## Supplied entries

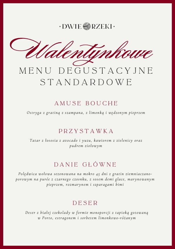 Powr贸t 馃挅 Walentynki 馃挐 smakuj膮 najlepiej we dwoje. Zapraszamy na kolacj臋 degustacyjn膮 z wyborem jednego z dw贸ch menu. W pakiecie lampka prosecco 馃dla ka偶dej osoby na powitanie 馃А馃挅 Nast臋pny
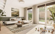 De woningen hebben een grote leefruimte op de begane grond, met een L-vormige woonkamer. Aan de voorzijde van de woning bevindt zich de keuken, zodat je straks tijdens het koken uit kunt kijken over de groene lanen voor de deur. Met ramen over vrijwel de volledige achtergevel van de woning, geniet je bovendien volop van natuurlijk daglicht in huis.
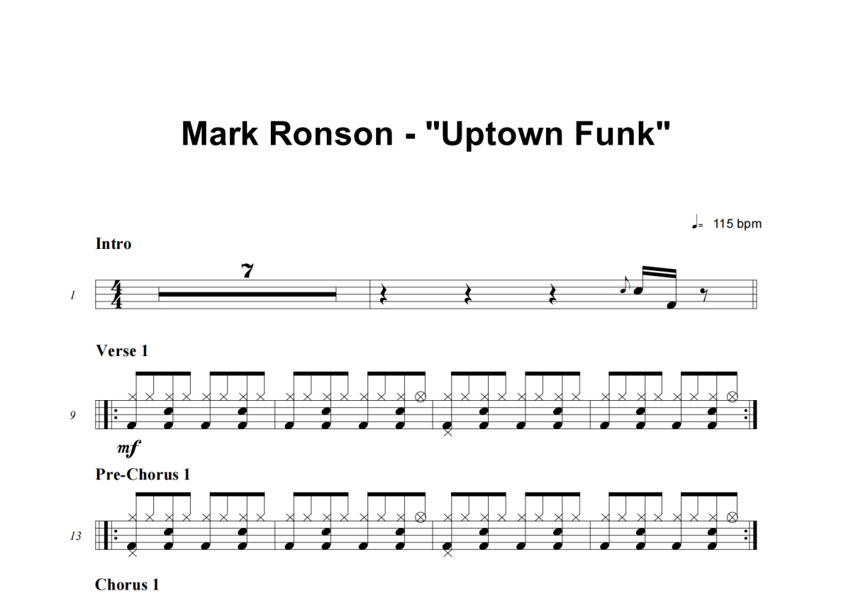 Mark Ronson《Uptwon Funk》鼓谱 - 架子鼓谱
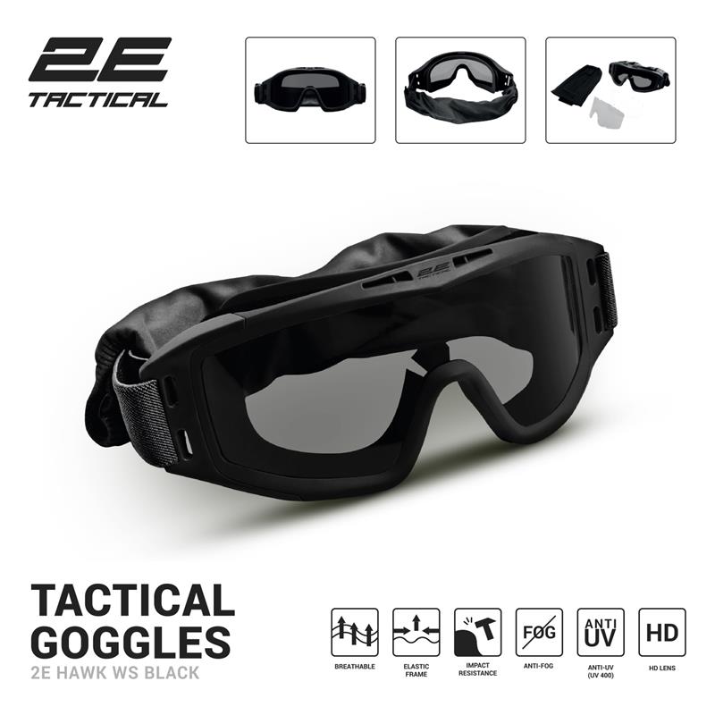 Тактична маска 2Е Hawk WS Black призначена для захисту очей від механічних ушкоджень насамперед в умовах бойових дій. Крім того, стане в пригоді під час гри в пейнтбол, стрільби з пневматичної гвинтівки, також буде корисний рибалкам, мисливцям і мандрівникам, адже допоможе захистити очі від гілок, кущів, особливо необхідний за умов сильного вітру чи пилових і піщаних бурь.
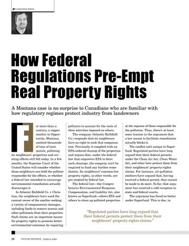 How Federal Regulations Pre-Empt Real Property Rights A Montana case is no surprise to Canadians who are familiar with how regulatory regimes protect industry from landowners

## Exercise brief
The answer must be the lines from the first one in the records through the line containing "Mark Ronson《Uptwon Funk》鼓谱 - 架子鼓谱", copied exactly, with no pictures.

## Response
 Powr贸t 馃挅 Walentynki 馃挐 smakuj膮 najlepiej we dwoje. Zapraszamy na kolacj臋 degustacyjn膮 z wyborem jednego z dw贸ch menu. W pakiecie lampka prosecco 馃dla ka偶dej osoby na powitanie 馃А馃挅 Nast臋pny
 De woningen hebben een grote leefruimte op de begane grond, met een L-vormige woonkamer. Aan de voorzijde van de woning bevindt zich de keuken, zodat je straks tijdens het koken uit kunt kijken over de groene lanen voor de deur. Met ramen over vrijwel de volledige achtergevel van de woning, geniet je bovendien volop van natuurlijk daglicht in huis.
 Mark Ronson《Uptwon Funk》鼓谱 - 架子鼓谱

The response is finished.